I wonder if there is a "significant difference" between the residuals for the Interpolation and Extrapolation estimates for each of the techniques? Thats a fair question, but requires a bit of calculation. The formulae for a "t-Test" to see if the means of the two populations are different are:
(Interp_Avg - Extrap_Avg)
t= ---------------------------------------------------------------
SQRT ((Pooled_Var(#_Interp + #_Extrap) / (#_Interp * # _Extrap))
where, the Pooled Variance is
SUMSQ_Interp + SUMSQ_Extrap
Pool_Var= -------------------------------
(#_Interp - 1) + (#_Extrap - 1)
and variable processes are
Interp_Avg = average of interpolated residuals
Extrap_Avg = average of extrapolated residuals
#_Interp = number of interpolated residuals (9 in this case)
#_Extrap = number of extrapolated residuals (7 in this case)
SQRT = square root
SUMSQ_Interp = sum of the squares of the interpolated residuals
SUMSQ_Extrap = sum of the squares of the extrapolated residuals
The calculated t-Test value is compared to values in a "Distribution of t" table for the degrees of freedom (9-1 + 7-1 = 14, in this case) at various levels of significance.

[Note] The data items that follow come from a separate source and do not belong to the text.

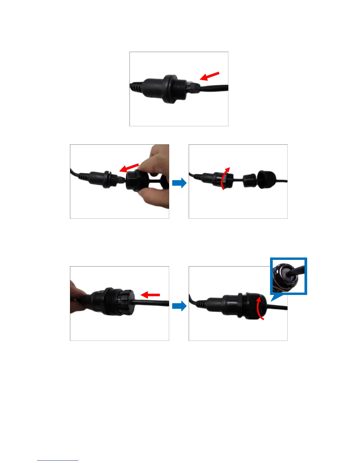 6. Connect the Ethernet cable connector to the “pigtail” connector.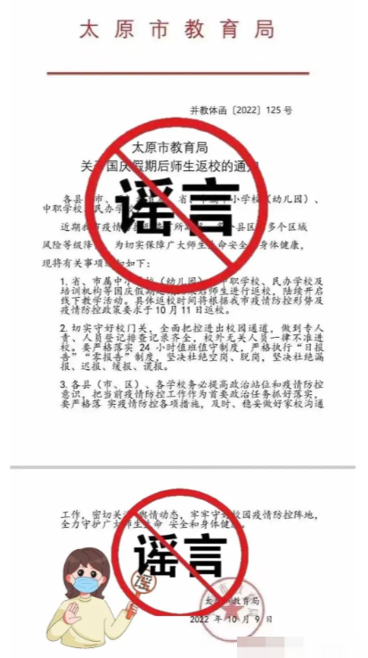 「辟谣」网传我市返校日期为10月11日?纯属谣言 @太原广播电视台新闻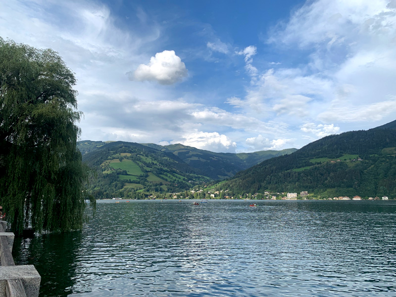 Vierter Tag. 29.07.2022 Nach einigen Stunden Fahrt, die majestetischen Alpen immer im Visier, erreichte ich schon bald mein nächstes Domizil das "Glaser Haus" in Zell am See. Das Hotel lag mitten im Ortsgeschehen in mittlerer Hanglage. Steile und schmale Treppen führten hinauf ins Dachgeschoss. Die schweren Packtaschen, das Zelt mit Schlafsack und Luftmatratze, Tankrucksack und Helm, das alles musste irgendwie die schmalen Treppen hinauf – leider gab es keinen Aufzug. Nach einem schönen Mittagsschlaf in dem kleinen hochpreisigen Dachstübchen kleidete ich mich und ging hinab an die Uferpromenade vom Zeller See. Eine Menge Touristen hatten die gleiche Idee. Ein Großteil der Touristen waren Araber in teure Stoffe und teure Marken gekleidet. Waren sie Touristen oder lebten sie in diesem teuren Pflaster? Nach etwas Recherche fand ich heraus warum sie kommen,

Lets see if there is a significant difference for the MinCurve Interp/Extrap populations:
1405 + 1499 2904
Pool_Var= ------------------- = ---- = 207.43
(9-1) - (7-1) 14
(-1.89) - (-9.86) 7.97
t = ------------------------- = ---- = 1.10
SQRT ((207.43 * 16) / 63) 7.26
In this case, tabular t with 14 degrees of freedom at the 0.05 level is 2.145. Since our sample value (1.10) is less than this, the difference is not significant at the 0.05 level. Anyone out there willing to test the Average, Inverse and Kriging techniques to see if the Interp/Extrap estimates are "significantly" different? (Show your work).
Although the t-Test is a good procedure to test for significant differences in results, three requirements must be met for it to be valid: 1) random sample of residuals, 2) residual values must be normally distributed, and 3) each group must have similar variances. Concern 1) was met, as the residuals were randomly sampled. Concern 2) is a problem as the number of samples in each group are small (9 and 7). Concern 3) can be checked by Bartletts Test for homogeneity and if group variances are deemed unequal, a slightly different t-Test is used.
WHEW!!! The upshot of all this is that there "appears" to be a difference between the levels of performance (residuals) between the Interpolated and Extrapolated estimates, but we cant say that there is a "statistically significant" difference between the two for the MinCurve map surface. Personally, I would attempt to limit the proportion of extrapolated estimates in generating a map from point data, particularly if I were using the Inverse or MinCurve techniques. This means that the sampling design should "push" samples toward the edge of the field and not start well within the field "just for symmetry."